Ici en campagne, en bas dans la vallée, une ferme est située en bordure de route, dans un virage assez prononcé. La DDE avait jugé bon d’y installer un réverbère pour mieux éclairer le virage la nuit et le rendre moins dangereux. L’habitant de la ferme, d’accointance avec quelques élus de la commune, réussit à faire détourner l’éclairage du réverbère vers sa cour intérieure soit dos au virage que la lumière n’éclairait plus que très faiblement. Motif : il entendait souvent rôder la nuit. Sur la facade de sa maison donnant sur la cour, 5 fenêtres dont 1 seule restait volets ouverts durant la journée, les 4 autres restant constamment volets fermés à longueur d’année (pas uniquement pour protéger de la chaleur l’été). Cette mixture d’obscurité diurne et de lumière nocturne me semblait typique du comportement sécuritaire du sujet paranoïaque de nos sociétés (le couple est mort depuis, les volets de toutes les fenêtres sont ouverts à nouveau, espoir…).

Dans les grandes villes, la question ne se pose pas ainsi, puisque tout est à tout instant lumière. Le mirage de la Cité de verre en est la consécration depuis plus d’un siècle, les bâtiments en verre pullulent, symbole de vie ouverte, de transparence et de faste. Zamiatine dans son roman Nous autres prophétisa l’alliance délétère du faste verrier et du contrôle constant des populations, d’une humanité soumise à la terreur de sa transparence à elle-même, de son immanence sans reste.
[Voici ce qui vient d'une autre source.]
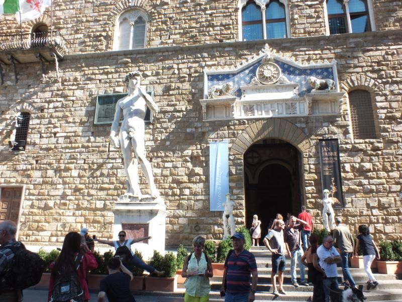 İlk durağımız Galleria dell Accademia; Avrupa’da çizim, resim ve heykel tekniklerini öğretmek için açılan ilk okulmuş. Burada sergilenen en ünlü eser Michelangelo’nun Goliath’ı öldüren İncil kahramanı Davud’un 5.2 metre boyundaki çıplak heykeli. Heykel, Piazza della Signoria’ya yerleştirilmek üzere ısmarlanmış ancak daha sonra koruma amacı ile 1873’de Accademia’ya taşınmış. Şu anda bir kopyası Piazzale Michelangelo’ya yerleştirilmiş. Bu heykel Michelangelo’ya döneminin en iyi heykeltıraşı ünvanını kazandırmış. Tatil olması sebebi ile biz maalesef Galleria dell Accademia’ya giremedik o yüzden Davud Heykeli’nin meydanda ki kopyası ile yetinmek zorunda kaldık.

Mais la Ville-Lumière est avant tout une Ville-Energie, qui brûle et consomme toutes les énergies sur un mode à la fois proliférant et entropique. Les grandes pannes d’électricité comme celle de New York de 1977, un jour ironique anniversaire du Blackout, signent le caractère de dépense absolue qui affecte l’énergie. Comme si (question posée aux économistes, non une vérité assénée en une matière où je n’ai guère de connaissance précise, que j’aborde sauvagement, comme presque tout les reste), comme si dans cette dilapidation-gaspillage désormais la dépense primait d’abord, l’économie comptable venant en second, celle-ci reprenant ses droits bien sûr pour serrer la ceinture à toutes les vaches à lait de l’Economie (les Gilets Jaunes l’ont bien compris en refusant en bloc l’augmentation des taxes sur le carburant). L’American way of life est réputée non-négociable. Elle conjugue une télé dans chaque pièce de l’habitation, la clim à longueur d’année pour chauffer l’hiver et rafraîchir l’été, le rechargement de tous les engins connectés et autres nécessitant batterie, l’illumination à outrance des villes plus tous les secteurs d’activité industriels et tertiaires. Comme telle elle n’a littéralement pas de limites, pas d’autres limites du moins que la saturation et la surcharge du réseau qui se signalent lorsque tout pète soudain alors qu’on croyait contrôler, maîtriser. Mais la Ville-Energie signifie bien plus que tout est énergie, tout est « minerai », on appelle minerai un cheptel, les ressources humaines sont du minerai.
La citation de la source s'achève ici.